Objective:
The goal of this project is to create a smooth connection between AWS S3 and Salesforce Data Cloud using a pipeline event. This integration is designed to incorporate unstructured data from AWS S3 into the Data Cloud Vector Database. After the data is indexed in the vector database, Agent Force is utilized to query the data, allowing for efficient retrieval and response generation. This solution improves data management and query performance for unstructured data, offering deeper insights and easier access to information.
KeyFeatures:
Automated Data Ingestion:
Data Embedding in Vector Database:
Indexing for Enhanced Search:
Integration with Agent Force:
Establishing a Notification Pipeline for Data Transfer Between AWS S3 and Salesforce Data Cloud
1. Create a connection to a blob store(aws), in Data Cloud Admin Page :
To connect AWS S3 with Salesforce Data Cloud, begin by setting up a connection to the blob store (AWS S3) via the Data Cloud Admin Page. This entails entering information such as the S3 bucket name, access key, and secret key, which enables secure access to the data stored in AWS S3. This connection allows Data Cloud to fetch and handle files from the designated S3 bucket for additional processing.

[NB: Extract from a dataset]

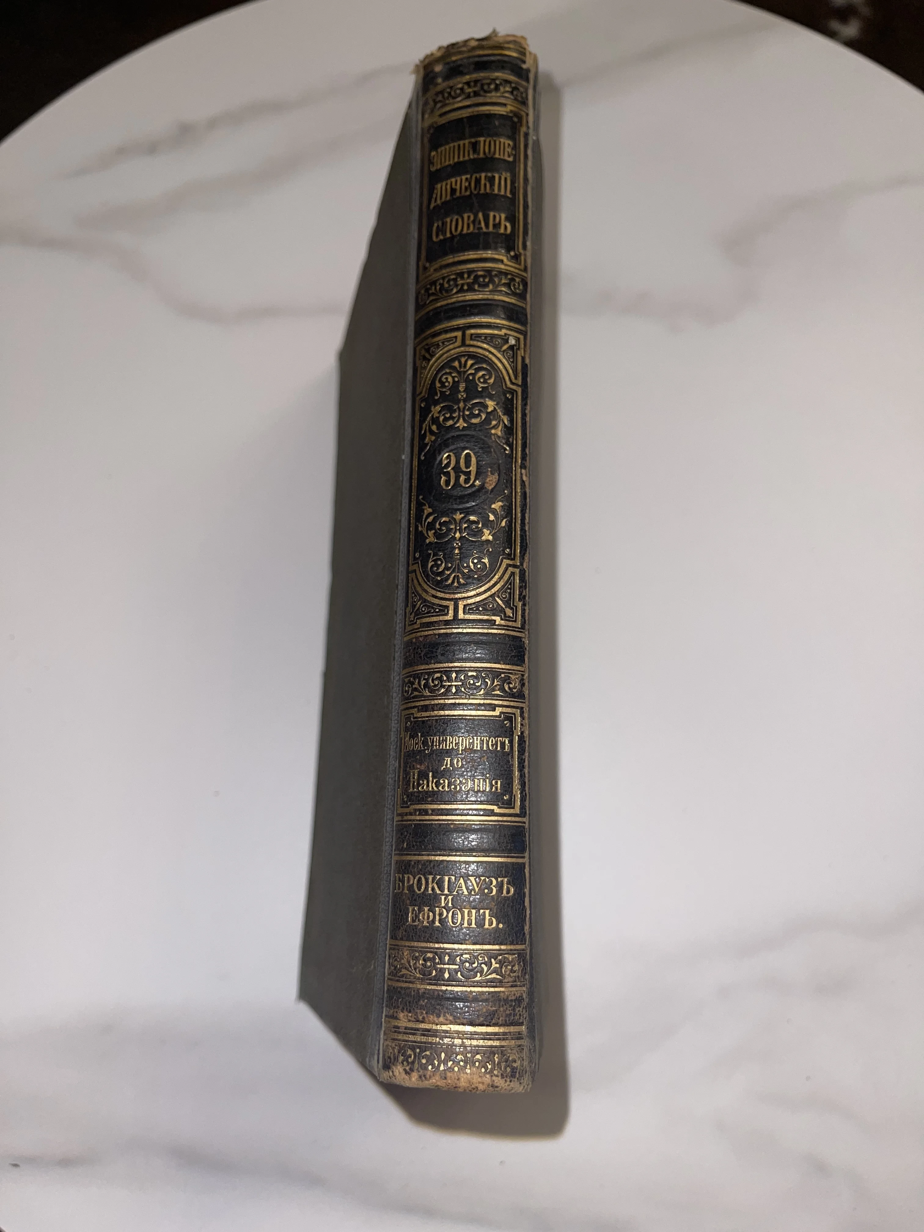 Перед вами легендарный памятник книгоиздания — 39-й том знаменитого словаря Брокгауза и Ефрона. Благородный темный переплет украшен изящным золотым тиснением, сохранившим свой блеск, несмотря на почтенный возраст. Книга обладает той неповторимой энергетикой старины, которая превращает обычную библиотеку в собрание редких артефактов.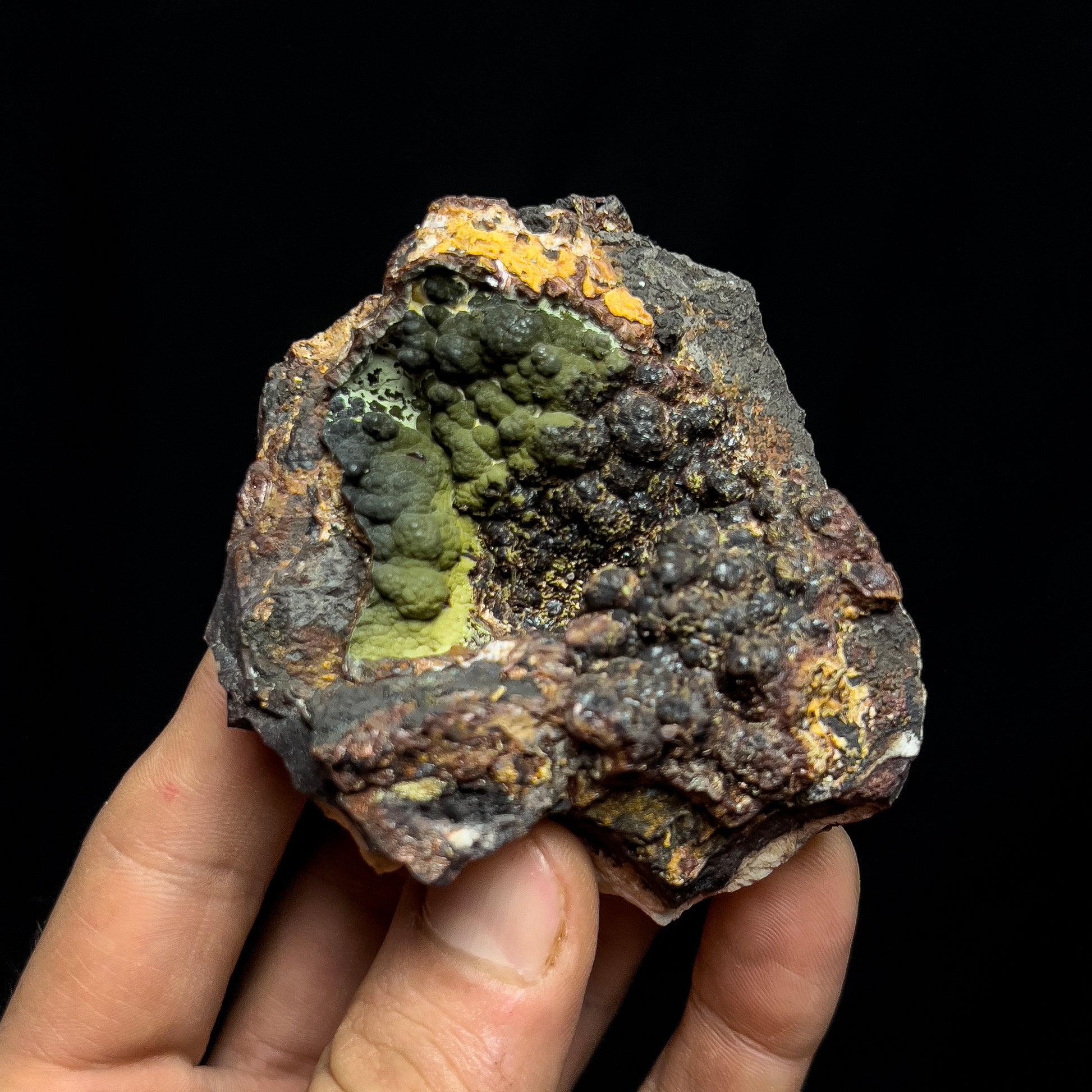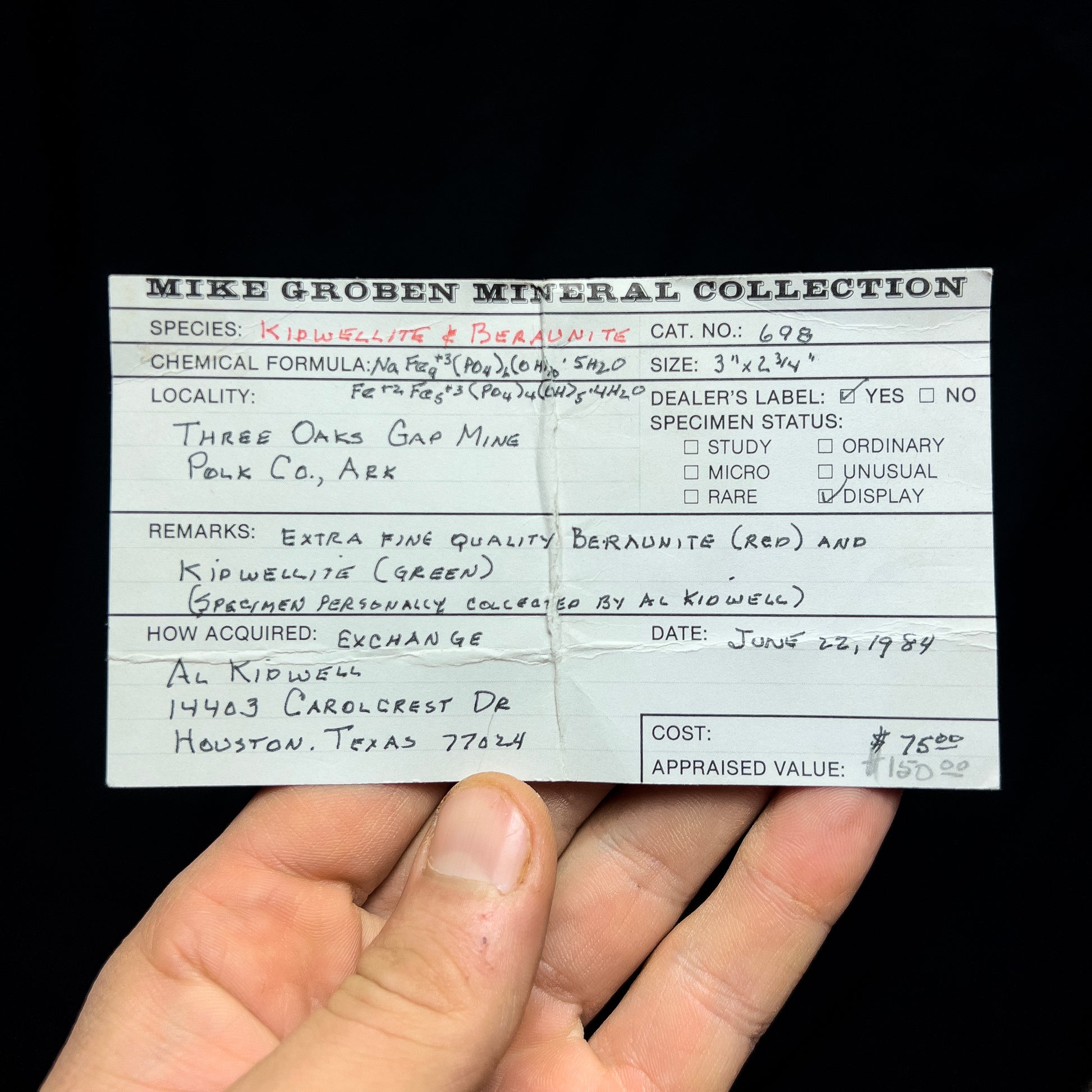 A very nice kidwellite with beraunite from the Three Oaks Gap Mine, in Polk Co., Arkansas. This specimen was collected by Al Kidwell, who first discovered the species in Montgomery County in the 1970s. Kidwellite is a very rare phosphate found in the novaculite deposits of the Quachita Mountains in Arkansas, as well as numerous other localities across the world. This specimen features a generous coverage of green kidwellite with dark burgundy beraunite that has formed over a bit of matrix. The kidwellite shows varying shades of green, while the beraunite is unusually well crystallized for the species. The specimen hails from the collection of Mike Groben, who acquired the piece in 1984 via a trade with A.L. Kidwell. It is in fine condition with no significant damage worth reporting, and comes with a custom acrylic base, milled and engraved in house by our master carver, Jacob.

Note: please click to enlarge the image
2.Create a connection to a blob store(aws), in Data Cloud Admin Page :
In order to store and manage unstructured data in Salesforce Data Cloud, you need to create a UDLO (Unstructured Data Lake Object). A UDLO acts as a container for unstructured data imported from AWS S3. It defines the structure and schema for how the data will be stored, allowing Data Cloud to index and organize the data for easy querying and analysis.
3.In the External blob store(Aws s3) setup notification to datacloud.
In order to receive real-time notifications from Amazon S3 to Salesforce Data Cloud when unstructured data changes, you need to set up a file notification pipeline. This involves creating a connected app in Salesforce with OAuth settings, generating a private-public key pair, and configuring AWS resources such as IAM roles, S3 buckets, AWS Lambda functions, and Secrets Manager. The Lambda function manages file change events in the S3 bucket and triggers notifications to the Data Cloud whenever new data is added, updated, or deleted. Finally, an installer script is provided to automate the setup, ensuring seamless integration between S3 and Data Cloud for data synchronization.
4.Upload Unstructured Data:
To transfer data from AWS S3 to Salesforce Data Cloud, you need to upload the unstructured data files to the specified S3 bucket. This action will trigger an event notification pipeline, which enables Data Cloud to detect the newly added files. Once the files are uploaded, the data will be automatically processed and integrated into the Unstructured Data Lake Object (UDLO) in the Data Cloud. This will make the data ready for indexing and querying.
5.Verify that the UDLO shows newly uploaded files
After uploading the unstructured data files to the AWS S3 bucket, please verify that the Unstructured Data Lake Object (UDLO) in Salesforce Data Cloud reflects the newly added files. To do this, navigate to the Data Cloud interface and check the UDLO for the latest entries. This confirmation ensures that the data ingestion process was successful and that the files are correctly indexed and available for querying and analysis within the Data Cloud environment.
Once we verify that all chunk data and indexing processes are functioning correctly, the unstructured data is ready for querying through Agent Force.
Querying Embedded Unstructured Data with Agent Force :
When using the Agent Force feature, it utilizes an Apex-based agent actions flow to search within the system. This flow queries unstructured data and generates a response using AI. The results are then displayed in the Agent Force window, providing users with relevant insights.